● SUPPLIED MATERIAL:
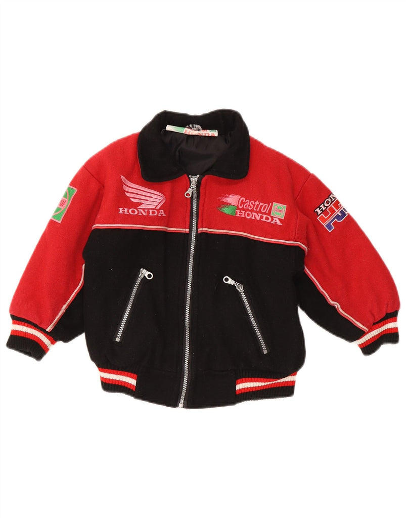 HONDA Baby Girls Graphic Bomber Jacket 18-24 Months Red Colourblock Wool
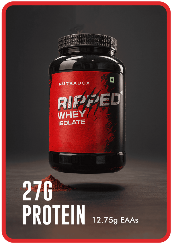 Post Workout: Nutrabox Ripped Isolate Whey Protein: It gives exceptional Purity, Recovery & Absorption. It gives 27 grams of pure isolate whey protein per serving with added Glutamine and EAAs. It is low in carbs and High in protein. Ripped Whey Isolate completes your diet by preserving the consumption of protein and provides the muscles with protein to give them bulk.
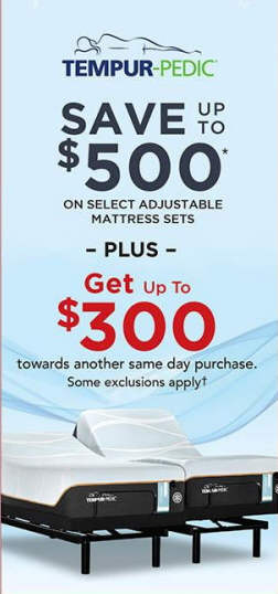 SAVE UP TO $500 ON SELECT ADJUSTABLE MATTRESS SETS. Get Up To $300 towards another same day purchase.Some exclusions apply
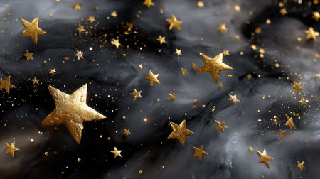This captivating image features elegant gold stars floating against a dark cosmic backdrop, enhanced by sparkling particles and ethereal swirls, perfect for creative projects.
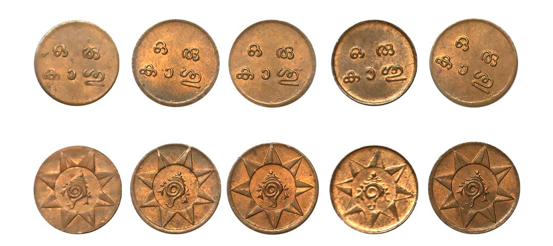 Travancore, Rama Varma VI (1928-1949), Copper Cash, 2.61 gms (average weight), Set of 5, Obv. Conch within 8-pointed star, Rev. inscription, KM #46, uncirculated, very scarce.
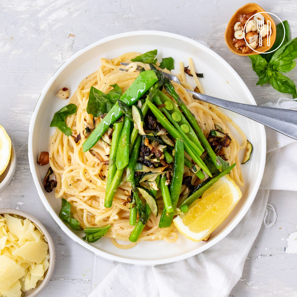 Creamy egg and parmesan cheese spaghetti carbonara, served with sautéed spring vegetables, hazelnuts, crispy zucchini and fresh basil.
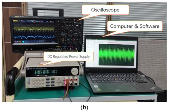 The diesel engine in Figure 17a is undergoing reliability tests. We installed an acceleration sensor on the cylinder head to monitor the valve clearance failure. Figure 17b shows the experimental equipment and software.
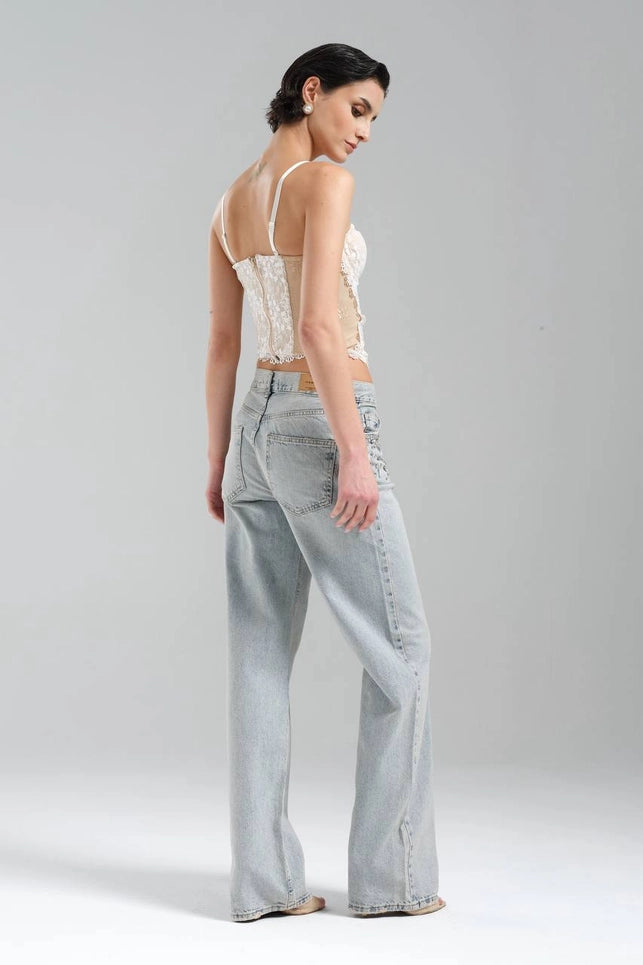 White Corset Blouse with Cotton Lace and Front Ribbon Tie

---

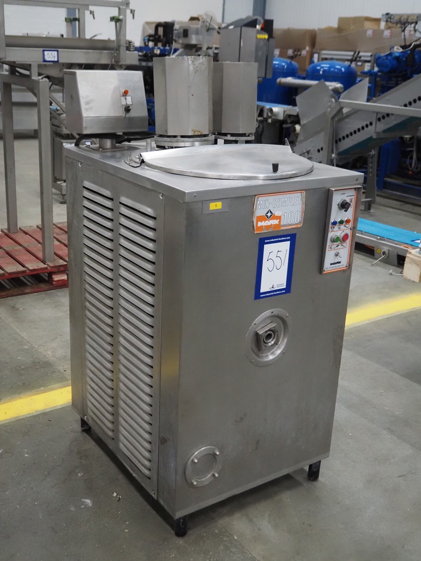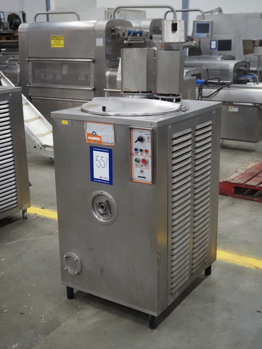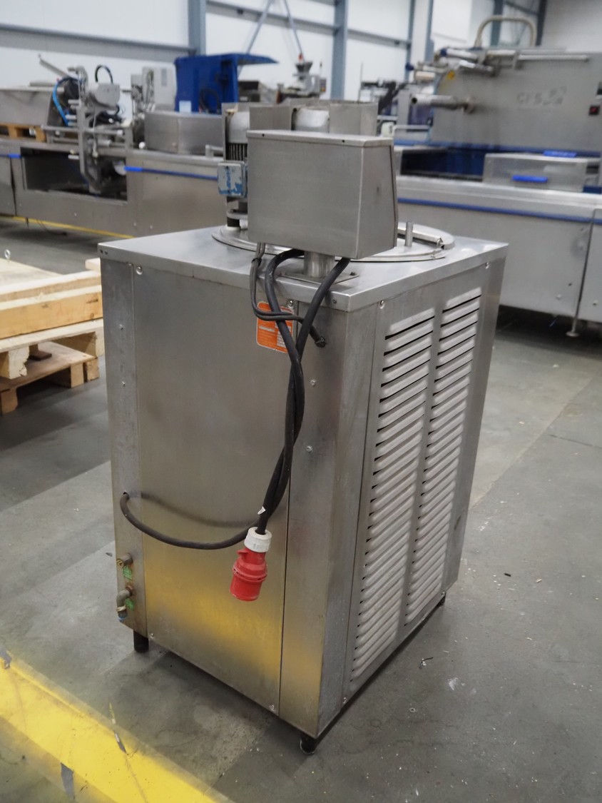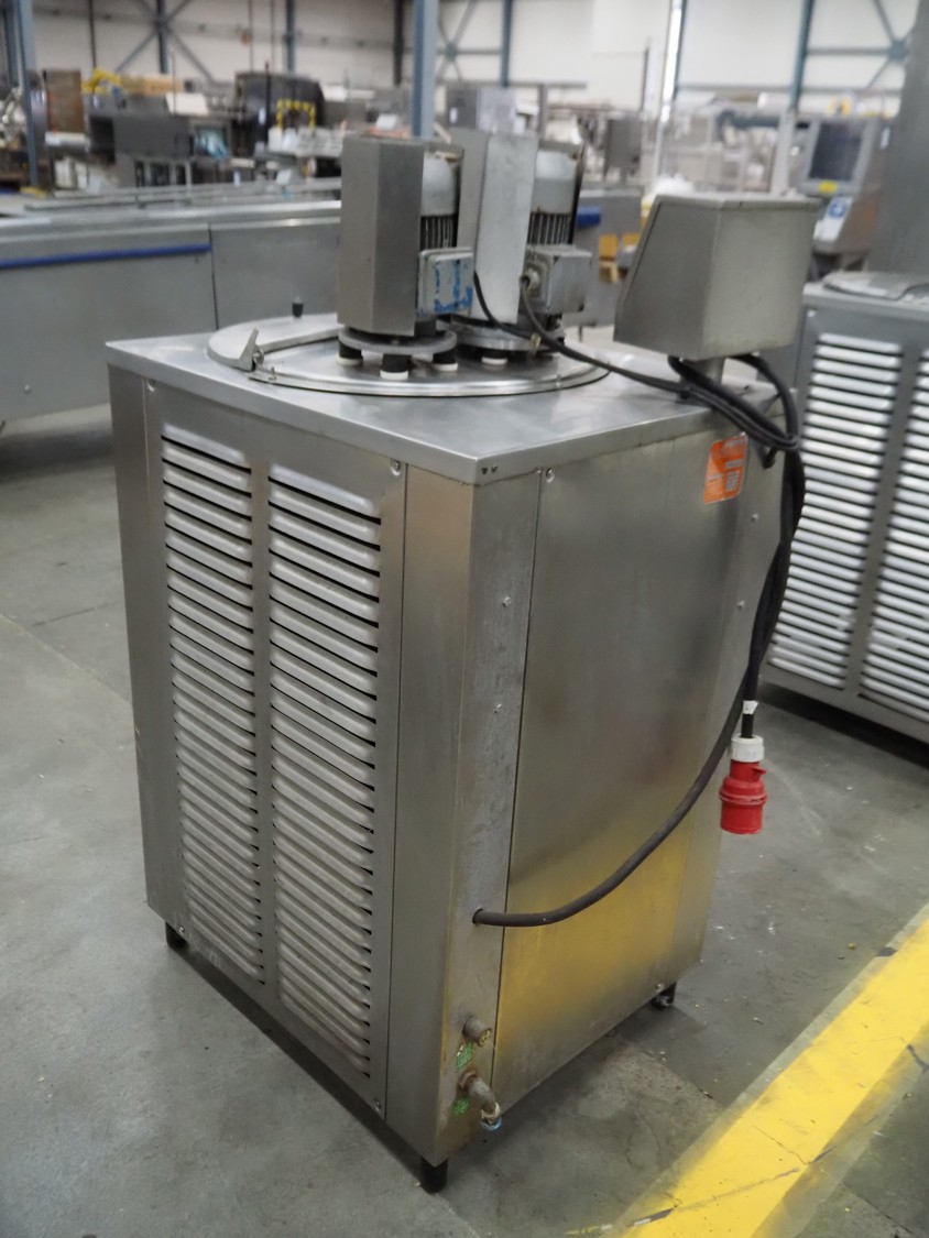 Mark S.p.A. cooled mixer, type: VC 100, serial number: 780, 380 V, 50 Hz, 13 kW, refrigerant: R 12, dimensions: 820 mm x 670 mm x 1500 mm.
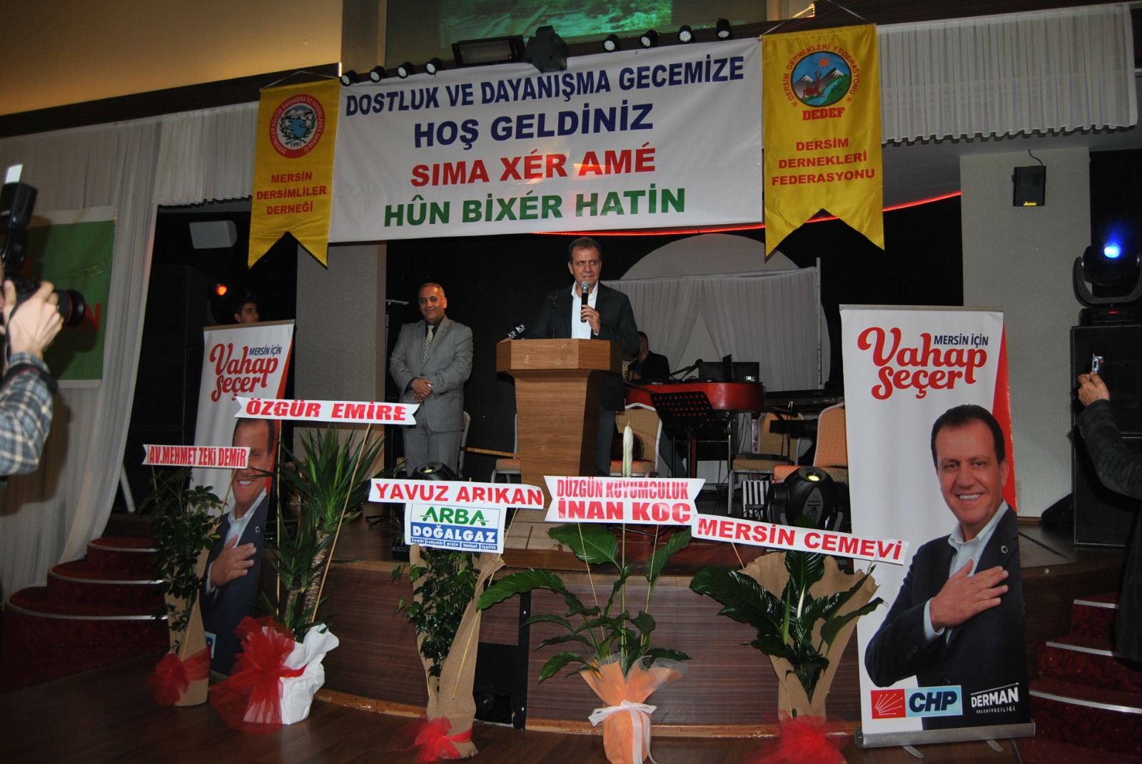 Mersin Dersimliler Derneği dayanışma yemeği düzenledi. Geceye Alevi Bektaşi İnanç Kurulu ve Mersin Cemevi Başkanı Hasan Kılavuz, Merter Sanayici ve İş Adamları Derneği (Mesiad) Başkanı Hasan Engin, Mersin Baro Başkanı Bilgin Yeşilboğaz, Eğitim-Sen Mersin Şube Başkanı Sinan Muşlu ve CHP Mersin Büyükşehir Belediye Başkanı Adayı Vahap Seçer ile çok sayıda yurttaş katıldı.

---

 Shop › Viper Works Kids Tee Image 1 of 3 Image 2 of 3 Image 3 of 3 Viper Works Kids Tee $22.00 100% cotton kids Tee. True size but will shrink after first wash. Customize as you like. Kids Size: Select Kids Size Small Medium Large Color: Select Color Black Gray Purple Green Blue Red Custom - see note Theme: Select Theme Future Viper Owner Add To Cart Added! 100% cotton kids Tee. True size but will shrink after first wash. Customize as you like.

● TASK BRIEF:
Set down again, word for word, every line from the one with "Travancore, Rama Varma" to the one with "Creamy egg and" in the entries above, and omit the pictures.

● SOLUTION FOR THIS EXERCISE:
 Travancore, Rama Varma VI (1928-1949), Copper Cash, 2.61 gms (average weight), Set of 5, Obv. Conch within 8-pointed star, Rev. inscription, KM #46, uncirculated, very scarce.
 Creamy egg and parmesan cheese spaghetti carbonara, served with sautéed spring vegetables, hazelnuts, crispy zucchini and fresh basil.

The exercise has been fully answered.